2.社会構造の硬直性ー「封建的軍国主義」

そもそも北朝鮮の社会は、表向けの言葉とは裏腹に、階層社会であるといわれる。最近韓国に「亡命」した北朝鮮の元高官は、同国を「封建的軍国主義」国家と表現した。これまでの多くの亡命者の証言によれば、北朝鮮には大別して3つの社会階層が存在する。

第1に、「敵対階層」が定められているといわれる。これは主として、祖父や父が昔地主あるいは資本家であった者から成る。日本の統治時代に5町歩を超える土地を有していた地主は、1946年の土地改革によって所有地を没収され、地元から追放された。そのとき抵抗した者は「階級独裁」の実施対象となり、拘束・鎮圧された。さらに、同時期およびそれ以後、商工業の国有化がすすめられる過程で資本家も財産を失った。こうした人々の多くは、1946年から朝鮮戦争時にかけて南の韓国に逃れた。さまざまな理由で北にのこった旧地主、資本家およびその子孫は、社会の下層におかれ苦しい生活に甘んじざるをえないことになった。かれらは、出世を望めないばかりか、当局の特別監視下におかれている。
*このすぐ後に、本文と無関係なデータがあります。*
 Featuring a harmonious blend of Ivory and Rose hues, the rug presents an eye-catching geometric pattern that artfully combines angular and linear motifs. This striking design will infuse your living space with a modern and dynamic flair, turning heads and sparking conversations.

第2に「動揺階層」が存在する。これには1945年以前の中小企業者、商工業者、知識人およびその子孫が含まれる。日本から帰還した者も一般にこの階層に属する。かれらは、有事のさいに政府に反抗する恐れがあるとして、敵対階層にくらべれば緩やかであるが、やはり監視下におかれる。

第3に、こうした階層の上に「核心階層」が存在する。この階層を構成するのは労働者、貧農出身者、朝鮮戦争犠牲者の遺族等であり、政権を無条件に支持する人々とされる。
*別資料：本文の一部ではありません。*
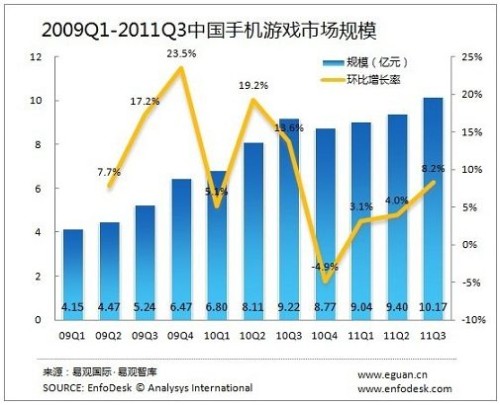 另外,從手機游戲市場規(guī)模來看,2011年第3季度手機游戲市場規(guī)模一舉突破10億大關,達到10.17億,環(huán)比增長8.2%。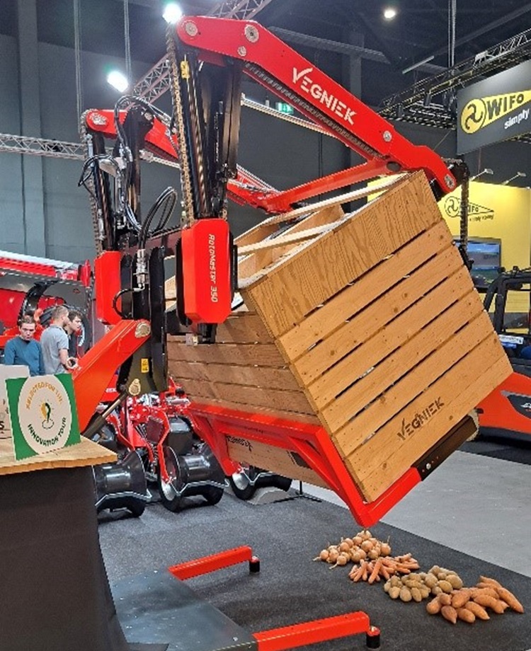 De RM350 van Vegniek is een compacte en robuuste vooroverkantelaar met dertig procent meer capaciteit dankzij de korte voorbouwmaat. Hij heeft geen draaipunten aan de zijkant van de kist, waardoor hij kisten kan oppakken die in een rij staan. De bovenklem kan daarnaast ook volledig achterover, waardoor ook meerdere kisten gelijktijdig getransporteerd kunnen zijn.
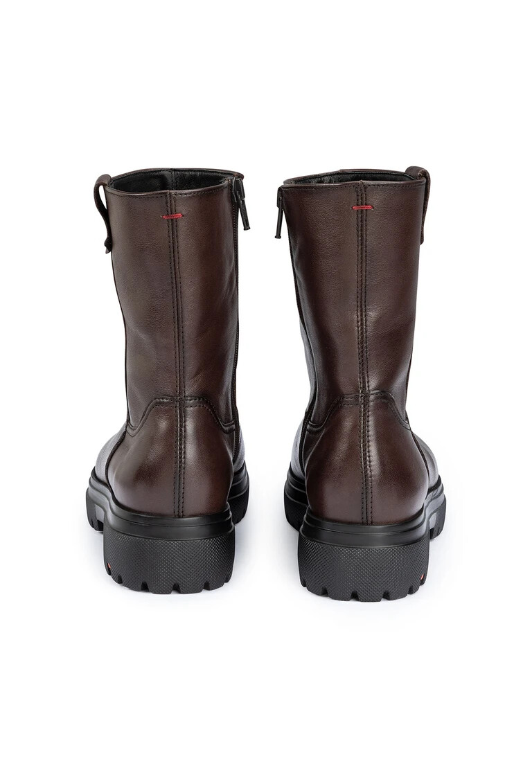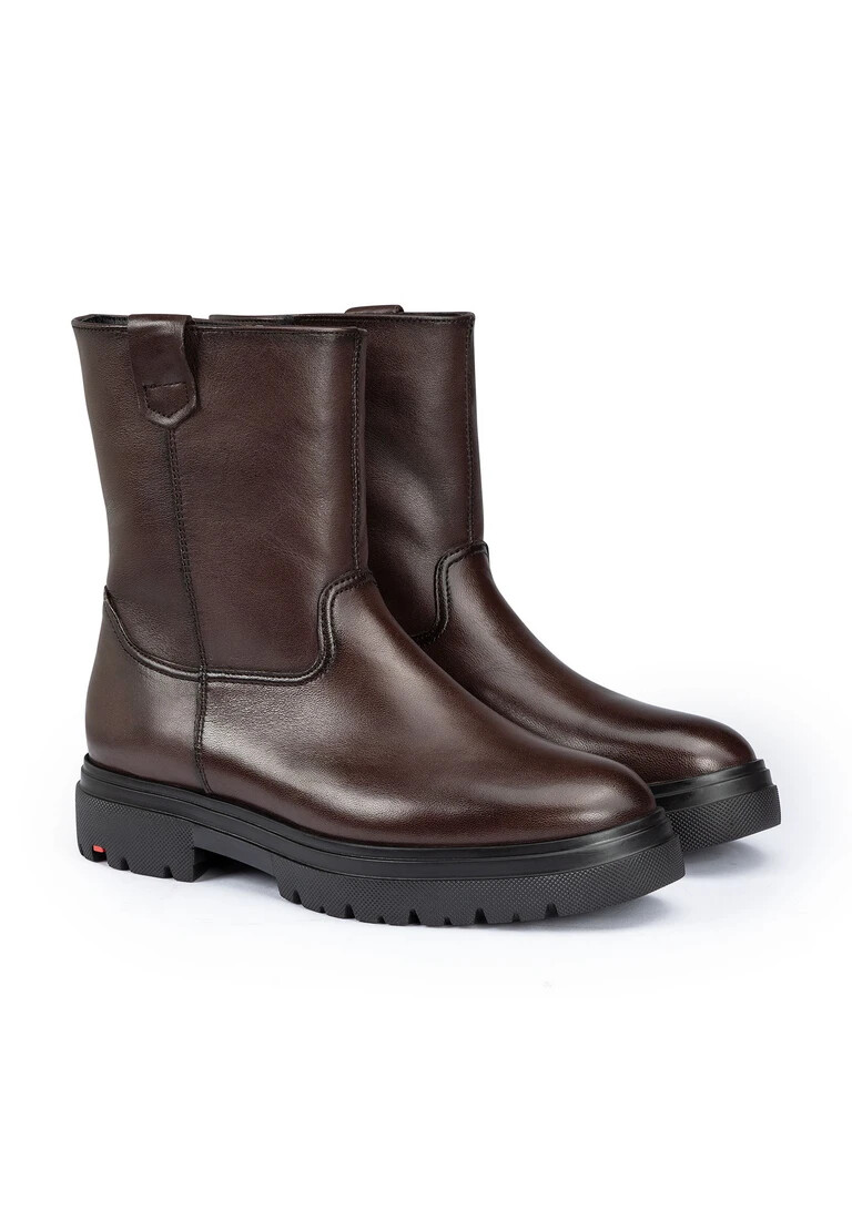 LLOYD offre uno stivale in morbida pelle marrone che colpisce per la suola resistente e ammortizzante. Gli stivali promettono un look versatile che può essere abbinato in molti modi. La suola in gomma resistente all’abrasione offre un’ammortizzazione ideale durante la camminata. La soletta interna in pelle di agnello garantisce inoltre un interno caldo. Grazie al tacco piatto, lo stivale offre una posizione sicura ed è particolarmente adatto all’uso quotidiano. Con la sua pelle morbida e liscia, lo stivale crea un look elegante ed è facile da chiudere grazie alla cerniera. Grazie alla fodera in pelle di agnello, gli stivali regolano la temperatura e mantengono i piedi caldi anche nelle giornate più fredde.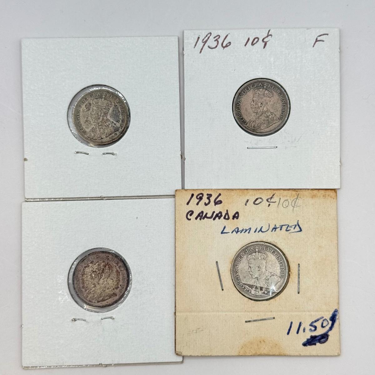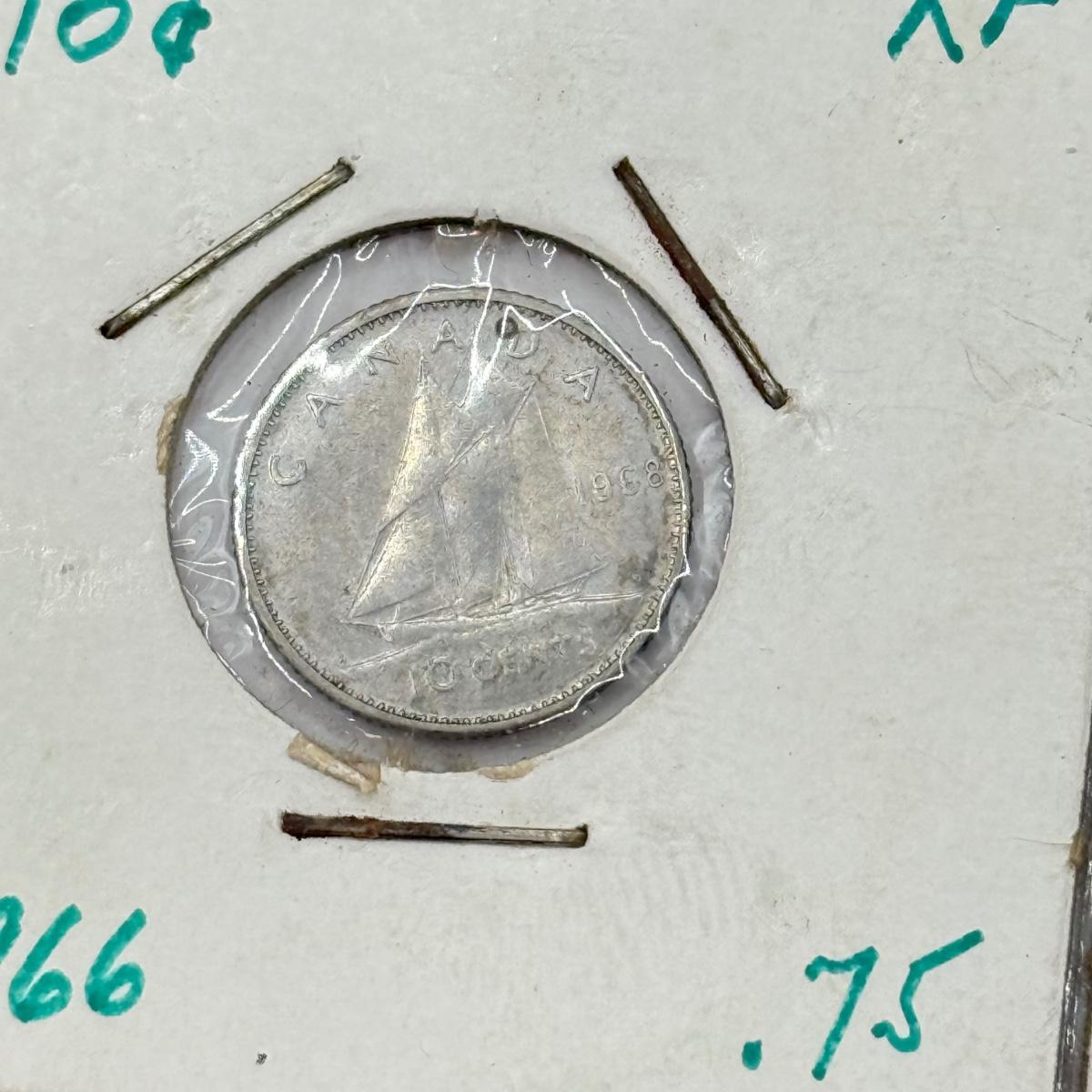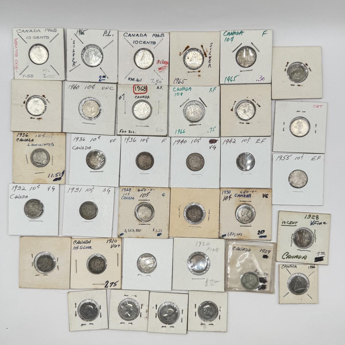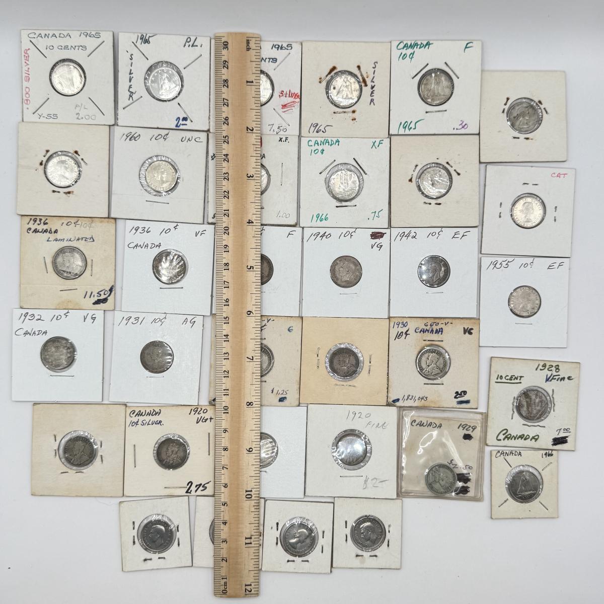 LOT 548J: 1920-1966 Canadian Dime 10 Cent Coins (80% Silver, 20% Copper)

以上の3つの階層はさらに細分類されるといわれるが、実際にどの程度厳密なものかは十分に明らかではない。いずれにせよこうした社会においては、近代的な経済発展は阻害されざるをえない。そこでは、人々が自己の能力を生かし社会経済の発展に貢献する意欲を失ってしまう。上の者が特権に安住する反面、下の者は希望をもつことができない。また最近耳にするように、下の者が金品の力によって階層の壁を乗り越えようとして賄賂が横行することになる。結局、停滞や腐敗が社会を支配する。
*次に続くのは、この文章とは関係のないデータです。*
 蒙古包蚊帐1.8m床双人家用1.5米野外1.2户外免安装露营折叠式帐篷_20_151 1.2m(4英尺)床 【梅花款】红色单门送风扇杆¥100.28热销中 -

さらに軍国主義を次のように定義するならば、北朝鮮はまさに軍国主義国家であるといわねばならない。すなわち、軍部が政権内で大きな影響力をもつ、つねに戦争に備える、個人単位に統制を行なう、諸活動組織を軍隊式に編成し国民を動員する、個人の安全・人権を無視する、日常的に軍隊用語(たとえば、突撃、爆弾精神、最終戦、決死隊など)を使って国民を鼓舞するー。ここでは、軍事のために国民生活が大きな犠牲を強いられる。そのひとつの表れとして、北朝鮮では、おそらく他の多数の社会主義国と比べてもなお一層、国民に供給する必需品の質・量が一貫してきわめて不十分であった。


3.食糧問題の人為的背景

最近食糧事情が悪化していることは北朝鮮政府も認めている。国際機関も、広範囲の飢餓の発生を警告している。しかし具体的なデータは乏しい。韓国の研究機関の推定によれば、近年の北における米、とうもろこし、麦などの穀物生産総量は400―500万トンにすぎないという。とくに1996年における同総量は400万トンを下回ったといわれる。この数値がどの程度の根拠をもつかは不明であるが、これを基準に考えると、食糧不足は非常に深刻であるといわざるをえない。

表1 は、第2次大戦前から最近にいたる穀物生産と消費可能量を示す(戦前は一定の仮定のもとに計算した現在の北の領域にかんする数値)。1960年以後、生産増加率は人口増加率と大して変わらなかった。1996年の1人当たり生産は戦前を下回った。同年の大量の穀物輸入を加えても、消費量は1人1日540gにすぎない。副食の不足、貯蔵・流通過程におけるロスを考えれば、明らかに食糧不足は深刻である。さらに階層間の分配の不平等がある。一般庶民とくに地域、職場、所得稼得能力の点で不利な状況にある人たちの窮状が察せられる。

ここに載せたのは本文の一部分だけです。